From Stateless Guesswork to Managed Artifacts
Traditional AI coding is fundamentally stateless. Once a session ends or the context window overflows, the reasoning behind a specific architectural choice vanishes. A Google Cloud developer famously compared this behavior to a cowboy: the AI acts impulsively, making plausible-sounding guesses about the architecture that the developer must then painstakingly dismantle and correct. This creates a paradox where the tool meant to increase velocity actually introduces a new form of technical debt in the form of AI-generated hallucinations.
Conductor replaces this volatility with the concept of managed artifacts. By anchoring the project's identity in markdown files, the AI agent is forced to read the coding standards and product goals every time it is invoked. Because these files live in Git, the context evolves alongside the code. If a technical decision changes, the developer updates the `tech-stack.md` file, and the AI immediately adopts the new rule across all future tasks. This transforms the AI from an unpredictable collaborator into a deterministic executor.

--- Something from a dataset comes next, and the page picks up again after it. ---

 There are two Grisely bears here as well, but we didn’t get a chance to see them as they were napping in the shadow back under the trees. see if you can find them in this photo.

This control is further tightened through a human-in-the-loop mechanism. Before any code is written via the `/conductor:implement` command, the developer must review and manually edit the `plan.md` file. If the AI's proposed path is too broad or logically flawed, the developer corrects the text of the plan. This prevents the costly mistake of discovering a directional error only after the AI has rewritten a dozen files. The process is governed by six primary commands: `setup`, `newTrack`, `implement`, `status`, `revert`, and `review`.

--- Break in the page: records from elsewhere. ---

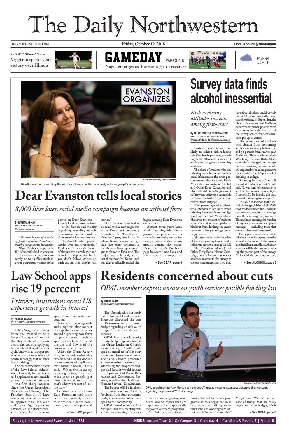 The Daily Northwestern Friday, October 19, 2018
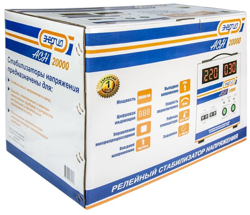 Input voltage type: single-phase, stabilizer type: relay, location: floor, min. input operating voltage: 140 V, max. input operating voltage: 260 V, error: 8%, noise level: 30 dB
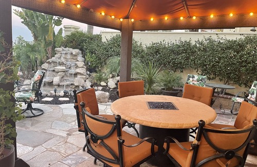 the backyard features a 6-8 person spa, super propane fire grill, rock waterfall, a fire pit area, and a comfortable patio Lots of seating. There is also a lovely front courtyard which is great for sitting and having a quiet, private drink in the afternoon, or early morning coffee.

To start a new feature, the developer uses `/conductor:newTrack [feature_name]`, which generates `spec.md`, `plan.md`, and `status.md`. As the AI works through the implementation, it updates the status of tasks in the plan from `[ ]` (pending) to `[~]` (in progress) and finally to `[x]` (completed). This granular tracking allows developers to pinpoint exactly where a mistake occurred and roll back to a specific task-level commit without losing the entire session's progress.

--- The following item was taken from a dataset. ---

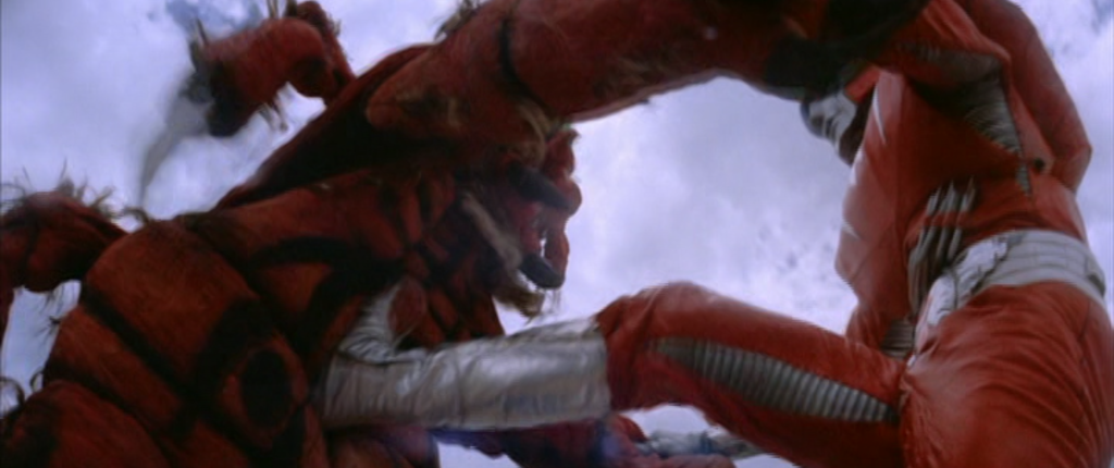 自身も巨大化して、巨人サイズで格闘を繰り広げます。

This methodology culminates in the principle of Proof over Promise. In many AI workflows, the model claims a task is finished, and the developer trusts it until the code fails during runtime. Conductor flips this. Even if the AI claims a phase is complete, the workflow requires the developer to execute the code and manually verify the result before the AI is permitted to move to the next phase of the plan. The evidence of working code is the only currency that allows the project to advance.
When the `conductor/` directory is committed to the repository, the onboarding process for new human developers also changes. Instead of spending days reading outdated documentation or asking senior engineers about the project structure, a new hire can simply use the existing context artifacts to get the AI to explain the system to them. The tool does not just manage the AI; it documents the project in a way that is machine-readable and human-verifiable.
Ultimately, the productivity of AI-assisted engineering is not a function of the model's raw intelligence, but of the level of control the developer maintains over the process. By freezing context into physical files, Conductor ensures that the AI operates on evidence rather than intuition.